# Problem details:
Dropping every picture, set down exactly the lines in the entries below, starting with the line with "Genuine Leather Tote" and going on through the line with "孩子們自從娘胎里出來,父母們".

# Data for review:

Content starts

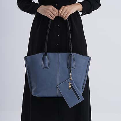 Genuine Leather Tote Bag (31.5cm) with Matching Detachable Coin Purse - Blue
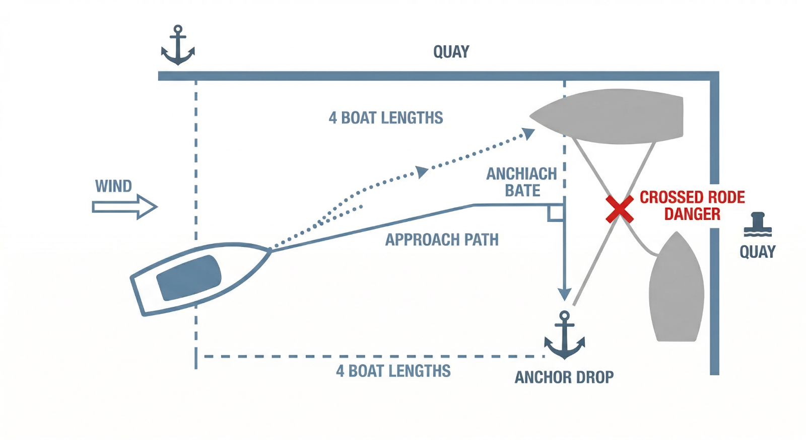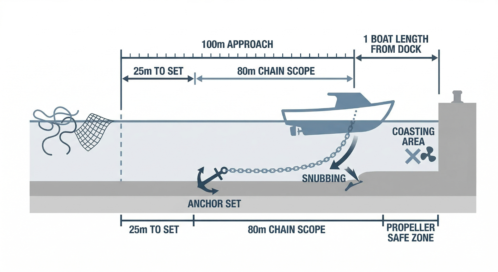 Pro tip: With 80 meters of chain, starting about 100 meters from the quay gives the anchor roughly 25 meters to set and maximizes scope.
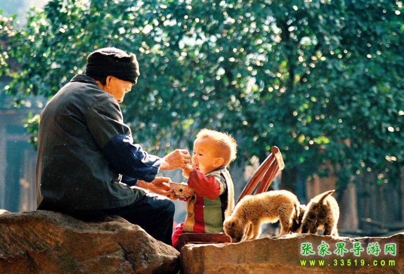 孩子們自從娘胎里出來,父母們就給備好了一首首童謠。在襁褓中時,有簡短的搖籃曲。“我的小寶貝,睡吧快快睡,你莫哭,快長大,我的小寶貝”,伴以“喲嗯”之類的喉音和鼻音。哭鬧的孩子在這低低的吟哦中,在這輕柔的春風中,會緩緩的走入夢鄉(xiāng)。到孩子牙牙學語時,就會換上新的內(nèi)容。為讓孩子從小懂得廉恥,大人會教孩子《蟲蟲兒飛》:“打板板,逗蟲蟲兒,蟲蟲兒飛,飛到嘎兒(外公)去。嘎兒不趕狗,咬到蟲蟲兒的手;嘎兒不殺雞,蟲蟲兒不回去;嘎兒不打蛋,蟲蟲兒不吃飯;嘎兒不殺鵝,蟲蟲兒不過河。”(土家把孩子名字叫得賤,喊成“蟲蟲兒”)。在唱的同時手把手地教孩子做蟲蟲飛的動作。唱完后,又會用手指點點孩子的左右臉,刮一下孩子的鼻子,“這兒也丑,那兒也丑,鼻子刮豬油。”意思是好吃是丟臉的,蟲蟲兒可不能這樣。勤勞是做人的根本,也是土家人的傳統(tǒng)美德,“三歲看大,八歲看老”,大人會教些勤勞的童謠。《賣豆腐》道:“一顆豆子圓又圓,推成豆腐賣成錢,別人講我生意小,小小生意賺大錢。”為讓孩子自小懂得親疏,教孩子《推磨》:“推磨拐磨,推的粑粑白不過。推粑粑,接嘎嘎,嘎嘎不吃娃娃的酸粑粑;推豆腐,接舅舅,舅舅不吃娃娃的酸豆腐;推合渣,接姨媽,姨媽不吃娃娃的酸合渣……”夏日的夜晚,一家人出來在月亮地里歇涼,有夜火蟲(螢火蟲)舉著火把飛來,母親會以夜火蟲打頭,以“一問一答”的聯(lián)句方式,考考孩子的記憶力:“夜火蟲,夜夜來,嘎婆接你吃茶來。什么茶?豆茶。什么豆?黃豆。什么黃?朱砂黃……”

Content ends
Content starts

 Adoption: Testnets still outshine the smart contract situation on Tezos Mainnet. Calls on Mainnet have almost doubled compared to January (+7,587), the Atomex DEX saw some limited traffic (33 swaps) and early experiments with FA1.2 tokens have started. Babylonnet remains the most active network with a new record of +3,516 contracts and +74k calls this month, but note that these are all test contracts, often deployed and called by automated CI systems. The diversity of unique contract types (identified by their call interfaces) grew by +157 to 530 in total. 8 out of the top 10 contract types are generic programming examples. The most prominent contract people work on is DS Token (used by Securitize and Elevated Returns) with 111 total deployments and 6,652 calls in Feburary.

Content ends

# Reply to the exercise:
 Genuine Leather Tote Bag (31.5cm) with Matching Detachable Coin Purse - Blue
 Pro tip: With 80 meters of chain, starting about 100 meters from the quay gives the anchor roughly 25 meters to set and maximizes scope.
 孩子們自從娘胎里出來,父母們就給備好了一首首童謠。在襁褓中時,有簡短的搖籃曲。“我的小寶貝,睡吧快快睡,你莫哭,快長大,我的小寶貝”,伴以“喲嗯”之類的喉音和鼻音。哭鬧的孩子在這低低的吟哦中,在這輕柔的春風中,會緩緩的走入夢鄉(xiāng)。到孩子牙牙學語時,就會換上新的內(nèi)容。為讓孩子從小懂得廉恥,大人會教孩子《蟲蟲兒飛》:“打板板,逗蟲蟲兒,蟲蟲兒飛,飛到嘎兒(外公)去。嘎兒不趕狗,咬到蟲蟲兒的手;嘎兒不殺雞,蟲蟲兒不回去;嘎兒不打蛋,蟲蟲兒不吃飯;嘎兒不殺鵝,蟲蟲兒不過河。”(土家把孩子名字叫得賤,喊成“蟲蟲兒”)。在唱的同時手把手地教孩子做蟲蟲飛的動作。唱完后,又會用手指點點孩子的左右臉,刮一下孩子的鼻子,“這兒也丑,那兒也丑,鼻子刮豬油。”意思是好吃是丟臉的,蟲蟲兒可不能這樣。勤勞是做人的根本,也是土家人的傳統(tǒng)美德,“三歲看大,八歲看老”,大人會教些勤勞的童謠。《賣豆腐》道:“一顆豆子圓又圓,推成豆腐賣成錢,別人講我生意小,小小生意賺大錢。”為讓孩子自小懂得親疏,教孩子《推磨》:“推磨拐磨,推的粑粑白不過。推粑粑,接嘎嘎,嘎嘎不吃娃娃的酸粑粑;推豆腐,接舅舅,舅舅不吃娃娃的酸豆腐;推合渣,接姨媽,姨媽不吃娃娃的酸合渣……”夏日的夜晚,一家人出來在月亮地里歇涼,有夜火蟲(螢火蟲)舉著火把飛來,母親會以夜火蟲打頭,以“一問一答”的聯(lián)句方式,考考孩子的記憶力:“夜火蟲,夜夜來,嘎婆接你吃茶來。什么茶?豆茶。什么豆?黃豆。什么黃?朱砂黃……”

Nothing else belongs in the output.